No topo do Morro do Arado, o inquérito policial também concluiu que houve omissão nos mapas do EIA sobre a existência de Área de Preservação Permanente (APP). Conforme o plano do empreendimento, no local está prevista a construção de um hotel.

A Polícia Civil ainda concluiu ter havido omissões sobre a existência de fauna ameaçada de extinção, como o gato-maracajá, entre outras falhas do EIA em relação às exigências do Termo de Referência da Secretaria Municipal do Meio Ambiente.

Diante dos elementos apontados no laudo do Instituto Geral de Perícias (IGP), o inquérito policial concluiu que o Estudo de Impacto Ambiental do projeto imobiliário é “falso ou enganoso, inclusive por omissão”.

Outro lado

Em contato com a reportagem do Sul21, a Prefeitura explica que a empresa foi considerada apta a participar da licitação e, portanto, homologada como a vencedora.

“A Prefeitura de Porto Alegre, por meio da Diretoria de Licitações e Contratos da Secretaria Municipal de Administração e Patrimônio, procedeu processo de licitação para contratação de consultoria especializada para elaborar o mapeamento e a caracterização das Áreas de Preservação Permanente (APP) no Município de Porto Alegre/RS. O edital estabelece as condições para participação. A empresa foi considerada apta e homologada como a vencedora”, diz a nota da Prefeitura.

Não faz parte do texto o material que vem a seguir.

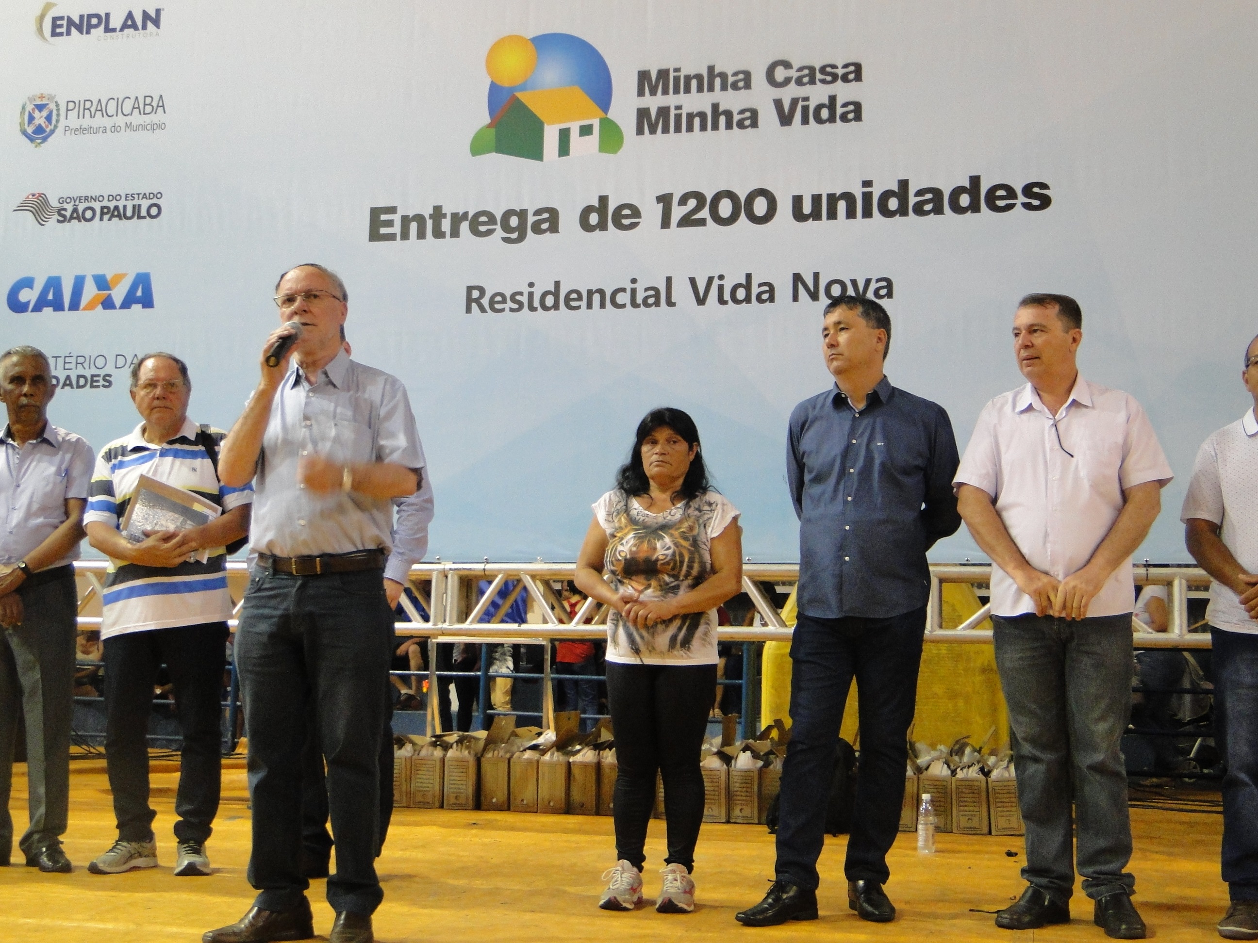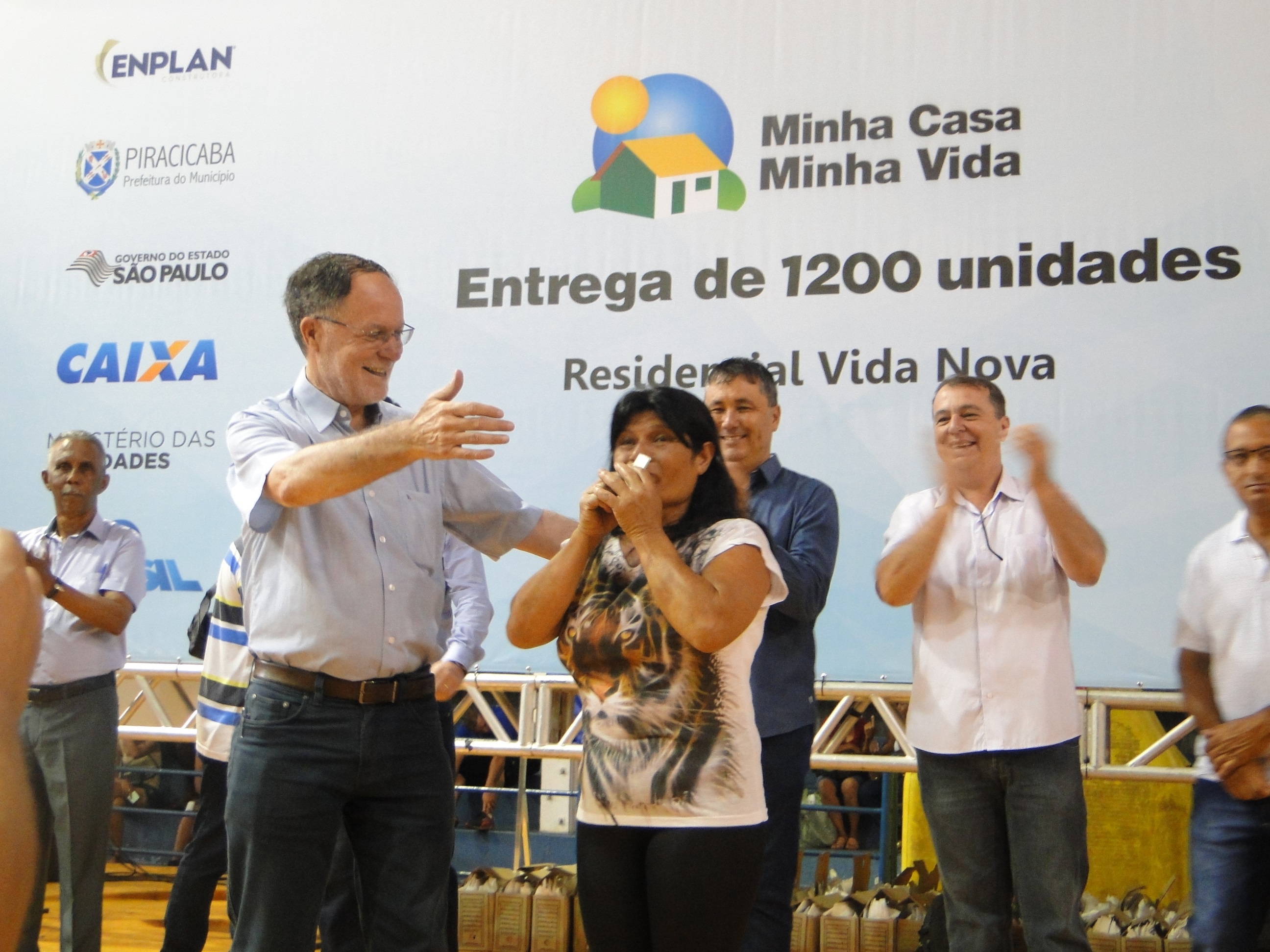 Emoção marcou a cerimônia de entrega das chaves do Vida Nova I, II, III e IV. A realização de um sonho, a garantia de um futuro melhor para a família, para os filhos e, finalmente, o fim do aluguel justificaram a alegria dos 1.200 inscritos contemplados no Minha Casa Minha Vida. O evento, que aconteceu na manhã de hoje, 21/12, no Ginásio Waldemar Blatkauskas, foi realizado pela Prefeitura, por meio da Empresa Municipal de Desenvolvimento Habitacional (Emdhap), em parceria com a Caixa Econômica Federal e o Ministério das Cidades.
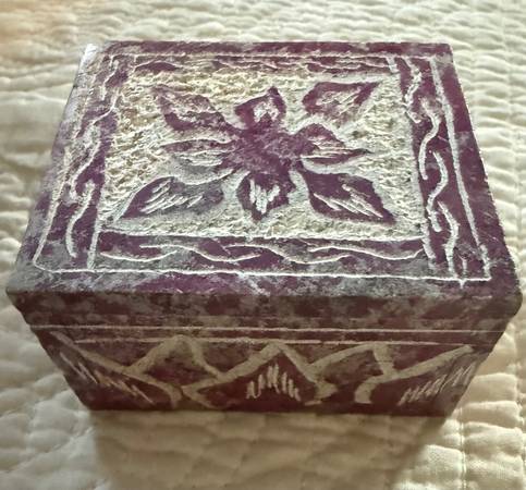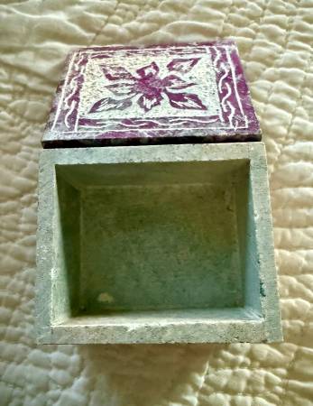 Soapstone box carved with intricate design. Excellent condition. Lid is tight fitting. Measures 2x2.5x1.5. Cash only. Pick up in Stillwater.
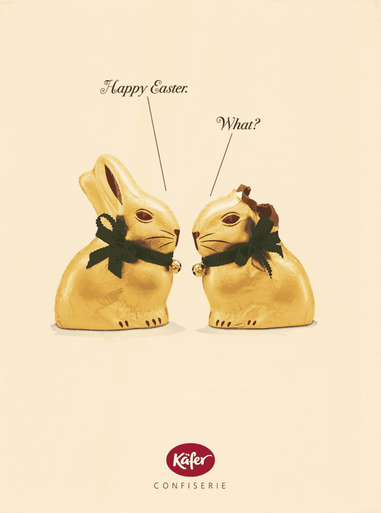 Kaefer Confiserie’s 2004 Easter ad is hilariously straight to the point. It has no underlying meaning besides highlighting the deliciousness of its chocolate Easter bunnies in a way that makes customers giggle.
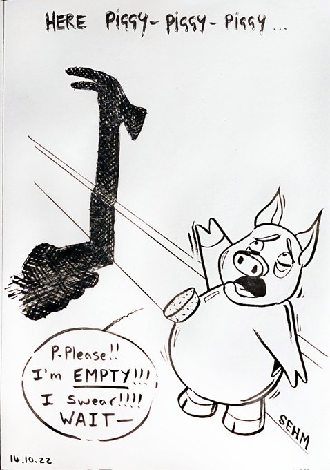 Day 14: EMPTY. Brush pen on paper. *No piggy banks were harmed during the making of this drawing. #Inktober #inktober2022 #inktober2022day14 #inktober2022day14empty #empty #inktoberday14 #piggybank #money #poor

O Sul21 também fez contato com a empresa e, até o momento da publicação da reportagem, não recebeu retorno. O posicionamento da empresa será acrescentado tão logo ocorra.

Entre os objetos do estudo que deverão ser feitos pela empresa no mapeamento e caracterização das Áreas de Preservação Permanente (APP) da Capital estão: identificar e mapear os locais de incidência de APP em Porto Alegre; determinar a superfície total das microbacias hidrográficas das áreas em análise; determinar a área total das diferentes categorias de APPs (cursos d’água, nascentes, topos de morros); e determinar a área total de vegetação existente em APPs; assim como determinar quantas nascentes ocorrem nas microbacias hidrográficas das áreas em análise.

O trabalho também deverá categorizar as APPs conforme valor ecológico, estágio de conservação e grau de ameaça, indicando as áreas prioritárias para recuperação da vegetação nativa, assim como as ações preventivas ao desmatamento ou destruição dessas áreas; elaborar Mapa Cartográfico delimitando as APPs em seus diferentes graus de conservação ou ameaça; e, por fim, identificar quais as APPs estão mais aptas às ações de regularização fundiária de interesse social ou específico, conforme previsto nos artigos 64 e 65 da Lei Federal nº 12.651/2012, e quais as que devem ser objeto de reassentamento prioritários, balizados por aspectos ambientais, econômicos e sociais.